Pulmonary hypertension is a serious illness that becomes progressively worse and can be fatal. Despite this, Isabelle Platnar’s mother, Sarah Platnar, describes Isabelle as “having an infectious spirit, she is optimistic and has a positive attitude.”

During Sarah’s pregnancy with Isabelle, a routine scan showed a congenital diaphragmatic hernia, meaning Isabelle had a hole in her diaphragm. At just two days old, Isabelle had an operation to repair the hole. Isabelle’s illness, pulmonary hypertension, is an associated condition of that early trauma.

A daily challenge

Life can certainly be tough for Isabelle and her family. Isabelle needs to receive oxygen therapy at all times, takes a number of heart medications and feels constantly fatigued. “The pressure her lungs is under is akin to someone running multiple marathons a day,” says Sarah. A common cold or flu can be life-threatening.

“I still have goosebumps thinking of that morning. The gratitude I have for the donors is indescribable.”

Isabelle’s illness has taken a financial toll on the family. When Sarah and husband, Mark Platnar, first learned of Isabelle’s health problems, they made the decision for Mark to stay at home full-time. “We could ensure that she was well looked after and it was wonderful for Isabelle to have that special time with her father and siblings,” says Sarah. “But of course it was a financial sacrifice that affected everyone in the family.”

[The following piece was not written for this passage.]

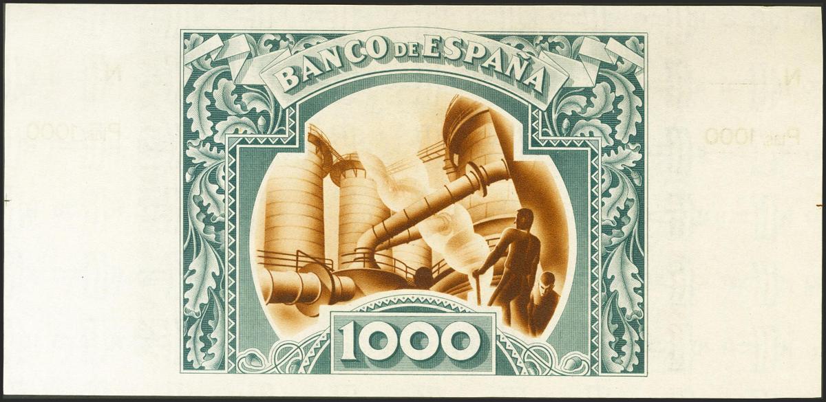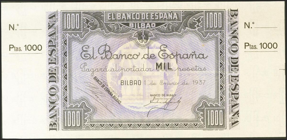 1000 Pesetas. 1 de Enero de 1937. Sucursal de Bilbao, antefirma Banco de Bilbao. No emitido, sin serie y sin numeración, con ambas matrices. (Edifil 2021: NE27a). Apresto original. SC-.

Moreover, Isabelle’s conditions means that she has physical limitations. She must carry a heavy oxygen tank with her at all times. A challenge for any nine-year-old but particularly difficult for an underweight and easily-fatigued child.

A gift that empowers

Isabelle has had an interest in learning to play piano from a young age. At age five, Isabelle told her parents that she was saving up to buy a grand piano. “Because of her condition we knew Isabelle was never going to be an athlete,” says Sarah, a Physical Education teacher. “But she can play the piano.”

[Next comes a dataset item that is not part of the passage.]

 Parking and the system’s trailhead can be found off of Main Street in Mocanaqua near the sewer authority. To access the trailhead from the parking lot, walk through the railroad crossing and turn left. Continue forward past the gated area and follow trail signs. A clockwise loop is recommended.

For Isabelle, a piano would be a means to empowerment. She would be able to do something just as well as, if not better than, any child. Isabelle started diligently saving money received at birthdays and Christmas. Meanwhile, without the Platnars’ knowledge, Isabelle’s aunt contacted Children’s Wish, a wish granting charity dedicated to granting heartfelt wishes to Canadian children diagnosed with a life-threatening illness, who offered to make Isabelle’s wish come true by gifting her a grand piano.

Sarah and Mark asked that the charity be present when Isabelle received her piano so that she could thank them. Soon CityNews caught wind and came to tape the event. Lamanna’s, a local bakery, offered to supply food and a family friend supplied flowers. The act of making a child’s wish come true had brought together and strengthened a family and their community.

A drawing made by Isabelle.

Every day is a gift

“I still have goosebumps thinking of that morning. The gratitude I have for the donors is indescribable,” says Sarah. “The first time she sat down at that piano, I felt hope. I thought: we can get through this. I still think that every morning when I see the piano”.

Children’s Wish does more than just grant wishes. They give children with life-threatening illnesses an opportunity to escape the reality of their medical condition and to feel like a normal kid.

“Mastering the piano has empowered Isabelle,” says Sarah. “That is the gift of a lifetime.” Despite Isabelle’s illness, the Platnars are bound by a deep love and extremely positive outlook. “Every day is a gift,” says Sarah. “Isabelle is a reminder to all of us — to live life to the fullest.”